Your task:
Repeat exactly the lines below, from the line containing "Mini Chevron Pinky" through the last line, both included. Leave out any pictures.
━━ Provided records
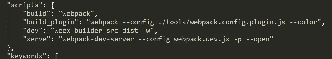 现在一看到构建工具的东西,我都会潜意识的打开readme.md文件和package.json文件,我们来看看package.json下面的script里的脚本
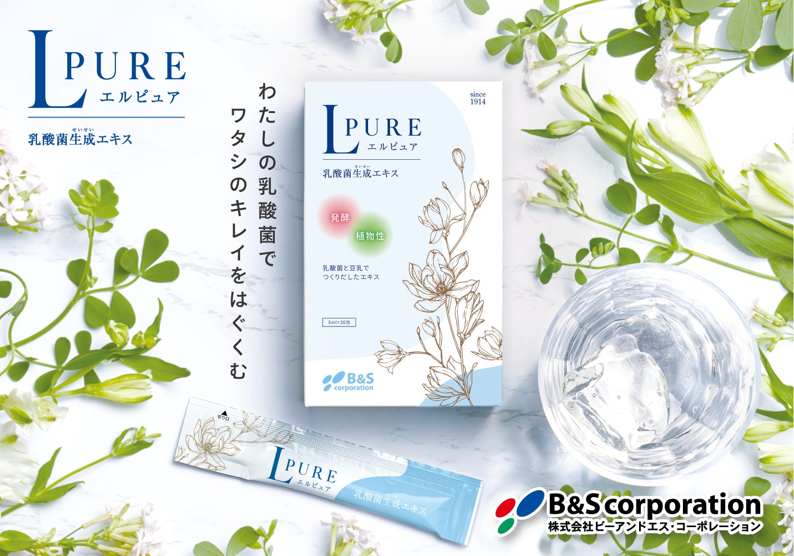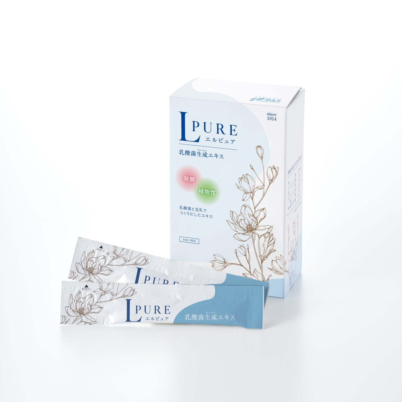 乳酸菌生成エキス「エルピュア」は、独自の16種類の乳酸菌と豆乳による「高密度乳酸菌発酵法」と「特殊抽出法」から得られる乳酸菌の発酵エキスです。生きた乳酸菌ではなく、乳酸菌が発酵中につくりだす成分と乳酸菌の菌体成分のみを抽出。植物性×発酵のチカラがあなたのキレイをはぐくみます。
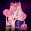 - ears, poms, tail, tattoos, mic, heels, hearts.
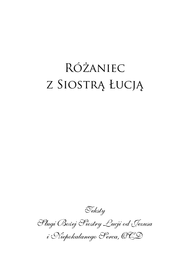 Różaniec z Siostrą Łucją © Copyright Carmelo de Santa Teresa – Coimbra © Copyright for the Polish edition by Flos Carmeli 2014 Tłumaczenie Beata Moderska Redakcja Wojciech Ciak OCD Korekta Zofia Błajek Imprimatur Bp Damian Bryl, Wikariusz Generalny Poznań, dn. 27.02.2014 r., N. 915/2014 Nihil obstat O. Placyd Paweł Ogórek OCD, Cenzor Poznań, dn. 15.02.2014 r. Imprimi potest O. Roman Jan Hernoga OCD, Prowincjał Warszawa, dn. 21.02.2014 r., L. dz. 59/P/2014 ISBN 978-83-64430-14-5 Wydawnictwo Flos Carmeli ul. Działowa 25; 61-747 Poznań tel.: 61 856 08 34 | fax: 61 856 09 47 www.floscarmeli.pl | e-mail: [email protected] Książkę tę dedykujemy: Naszej bardzo drogiej siostrze Łucji, z którą przez tak wiele lat wspólnie modliłyśmy się, rozmawiałyśmy, mieszkałyśmy i uśmiechałyśmy się do siebie. Jest to dowód naszej bezwarunkowej miłości i wdzięczności oraz świadectwo przesłania: nigdy nie zapomnieć o tym, o co prosiła Najświętsza Panna. I wszystkim powierzającym się Słudze Bożej, szukającym jej wstawiennictwa u Boga i Pani Różańca. Modlimy się, abyśmy zawsze mogli odczuwać obecność Przyjaciela, Pasterza Fatimy, który uczynił różaniec jej ukochaną modlitwą, którą odmawiała z taką miłością każdego dnia swego życia. Siostry Karmelitanki Karmel Coimbra Wezwanie do codziennej modlitwy różańcowej Módlcie się na różańcu każdego dnia, aby otrzymać pokój dla świata i zakończenie wojny. Wezwanie to po raz pierwszy zostało przekazane 13 maja 1917 roku, kiedy troje biednych dzieci z Aljustrel, Łucja, Franciszek i Hiacynta, pasło swoje stado na łące zwanej Cova da Iria. Było powtarzane pastuszkom wielokrotnie i we wszystkich objawieniach w taki sposób, że nie ulega wątpliwości, że codzienna modlitwa różańcowa jest naszą drogą i środkiem wiodącym do zbawienia i uzyskania przez wstawiennictwo Maryi wszelkich łask, których nam potrzeba. W wieku lat 10 Łucja została wybrana przez Boga i Maryję, aby przekazać światu fatimskie przesłanie. Oto co osiągnęła przez 87 lat, które jeszcze przeżyła. Maryja prosiła ją, aby cierpliwie czekała na powrót do Niego: 5 Wezwanie do codziennej modlitwy różańcowej Zostaniesz tutaj przez jakiś czas. Jezus pragnie, abym za twoją sprawą stała się znana i kochana. Chce wprowadzić w świecie nabożeństwo do mego Niepokalanego Serca (Pamiętniki siostry Łucji II). Łucja urodziła się 28 marca 1907 roku w Aljustrel, w parafii Fatima. Wraz ze swymi kuzynami, błogosławionym Franciszkiem i Hiacyntą Marto, otrzymała trzy widzenia Anioła Portugalii (1916) i osiem objawień Maryi (1917), która prosiła ich, aby się modlić, szczególnie modlitwą różańcową, i podjąć pokutę i zadośćczynienie w intencji nawrócenia grzeszników. W 1925 roku Łucja wstąpiła do Kongregacji św. Doroty w Hiszpanii, gdzie w Tui Pontevedra miała widzenie, w którym Najświętsza Panna prosiła ją o rozpowszechnienie nabożeństwa pięciu pierwszych sobót, o czym książeczka ta mówi w części trzeciej. Pragnąc życia bardziej kontemplacyjnego, aby móc lepiej wykonać powierzone jej zadanie, 25 marca 1948 roku Łucja wstąpiła do Karmelu w Coimbra, gdzie całkowicie oddała się modlitwie i ofierze. Matka Boża wzięła Łucję do siebie 13 lutego 2005 roku, a jej ciało spoczywa w bazylice w Fatimie od 19 lutego 2006 roku. 6 Wezwanie do codziennej modlitwy różańcowej W swej książce Apele orędzia fatimskiego siostra Łucja dokonuje refleksji nad modlitwą różańcową, rozważa jej tajemnice. Medytacje zawarte w tej książce pochodzą właśnie stamtąd, choć czasem są skrócone, aby rozważania nie były zbyt długie. We wprowadzeniu do wspomnianej książki ojciec Jesus Castellano Cervera mówi, że Pełna pasji apologia różańca świętego, tej rękojmi zostawionej przez Maryję pastuszkom fatimskim, jest w ujęciu Łucji mocna i przekonująca. Również tutaj Autorka uwypukla biblijną inspirację tej szczególnej modlitwy maryjnej. W różańcu znajduje zresztą bardzo prostą i głęboką zarazem drogę pobożności maryjnej, która pozwala przebiegać wraz z radosnymi, bolesnymi i chwalebnymi tajemnicami naszego zbawienia drogę Chrystusa i drogę Maryi. Rozważania dotyczące tajemnic światła, które Jan Paweł II w 2002 r. dodał do różańca, uzupełniliśmy tekstami wziętymi także z pism siostry Łucji. Modląc się na różańcu wraz z siostrą Łucją, widzimy, jak ona sama modliła się i rozważała każdego dnia i jak modlitwa ta ją wspierała, nie tylko w czasie widzeń, ale przez całe jej życie. 7 Wezwanie do codziennej modlitwy różańcowej Dostrzegamy, że oczy jej są utkwione w każdej z tajemnic, a serce tej drogiej córki Maryi jest pełne życia i wrażliwości. Także w książce Apele orędzia fatimskiego siostra Łucja podkreśla, że „odmawianie różańca świętego było zalecane przez wszystkich papieży, którzy w ostatnich stuleciach służyli Kościołowi”. Zalecenie to Łucja rozpowszechniała w trakcie swego życia, a jej wielkim pragnieniem było to, aby każdy modlił się z miłością i oddaniem, wierząc, że Maryja jest Matką zawsze wierną i obecną w każdej chwili naszego życia. Od czasu objawień w Fatimie wielu pielgrzymów prosiło Łucję aby wraz z nimi modliła się na różańcu. Dzisiaj, wraz z tą małą książeczką, prezentujemy prosty i użyteczny sposób włączenia się w modlitwę siostry Łucji, w takiej samej postawie gotowości do spełnienia pragnienia Maryi by w ten sposób wznieść swe dusze ku Jej umiłowanemu Synowi, Jezusowi. 8 $%% "# Łucja z różańcem w ręku. Zdjęcie wykonane w czasie objawień (1917) I %& Bóg rozpoczął dzieło odkupienia w sercu Maryi, gdyż to Jej „tak” stanowiło początek, „a Słowo stało się ciałem i mieszkało między nami” (J 1,14). I tak, w najściślejszej jedności, jaka może zaistnieć pomiędzy dwoma istotami l
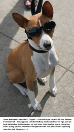 This is one of our special kidlets, rescued from Orange County Shelter years ago. He was going to be killed since he had been labeled “vicious”. On the day he was available, I had to work, so Chuck and one of our female adopters drove down figuring that, like some basenjis with problems, he might be more comfy with one gender over the other, so we covered our bases. Although Zende was difficult for new people to get to know, we had no problems with him and in fact, he was a charmer and settled down well enough to be adopted by a couple who had never owned a basenji before. After several years Zende got returned since they planned on having two footed kids and Zende would not be a childproof dog. A wonderful couple from northern California who have had several basenjis came to adopt and met Zende. Immediately Zende bonded to the guy, and off he went. About six months after his adoption, Zende went suddenly blind, one of those idiopathic things. Being a very intelligent little guy, Zende quickly learned a vocabulary that guided him on a leash. Once again Zende has had an idiopathic illness that has caused the muscles on one side of his mouth to tighten but again he is undaunted by what has been dealt him. When his people come to southern California to visit relatives, we get the pleasure of Zende’s company so we have gotten to keep enjoying him over and over. Zende always greets us with enthusiastic tail wags and has no problem letting us put on the goggles that protect his eyes from dust and low tree branches. This little guy will always have a very special place in our hearts. He really is a champion without ribbons.
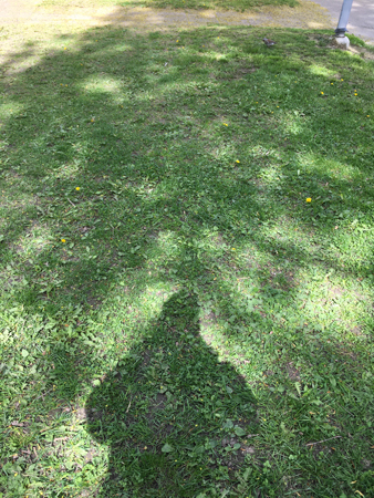 Ett grönt monster eller bara skuggan av mig på gräset.
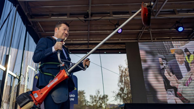 Auch ein Rasentrimmer gehört zu seinen Wahhlkampfinstrumenten: Der tschechische Rechtspopulist Okamura bedient sich damit beim argentinischen Präsidenten Milei.
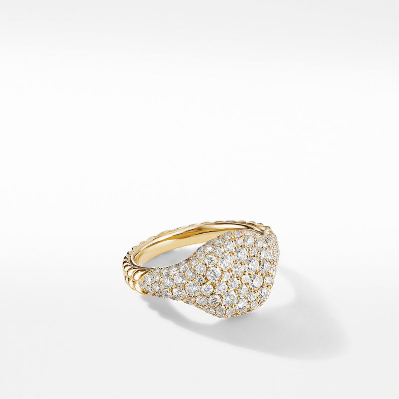 Mini Chevron Pinky Ring in 18K Yellow Gold with Pave Diamonds
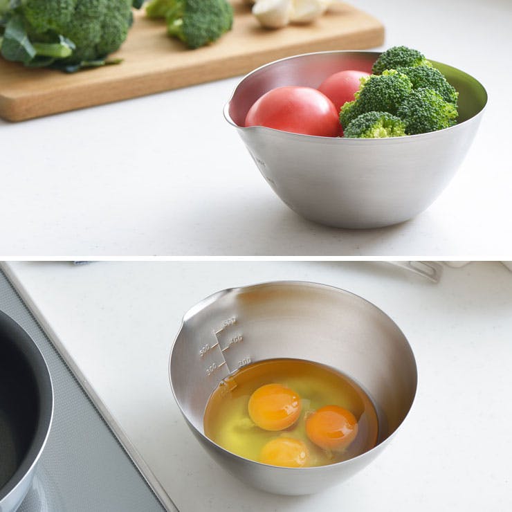 すっきり注げるワイドな注ぎ口が特長的なしずく型の調理ボウル。 ワイドな注ぎ口は流しやすく、液だれしにくい形状です。 卵を溶いて玉子焼き器に流し入れたり、小麦粉を溶いた生地を鉄板に流し込んだり、きれいに注ぐことができ、スムーズにお使いいただけます。 軽量仕上げで手軽に使え、毎日の調理にぴったりです。
━━━━
Answer for this exercise:
 Mini Chevron Pinky Ring in 18K Yellow Gold with Pave Diamonds
 すっきり注げるワイドな注ぎ口が特長的なしずく型の調理ボウル。 ワイドな注ぎ口は流しやすく、液だれしにくい形状です。 卵を溶いて玉子焼き器に流し入れたり、小麦粉を溶いた生地を鉄板に流し込んだり、きれいに注ぐことができ、スムーズにお使いいただけます。 軽量仕上げで手軽に使え、毎日の調理にぴったりです。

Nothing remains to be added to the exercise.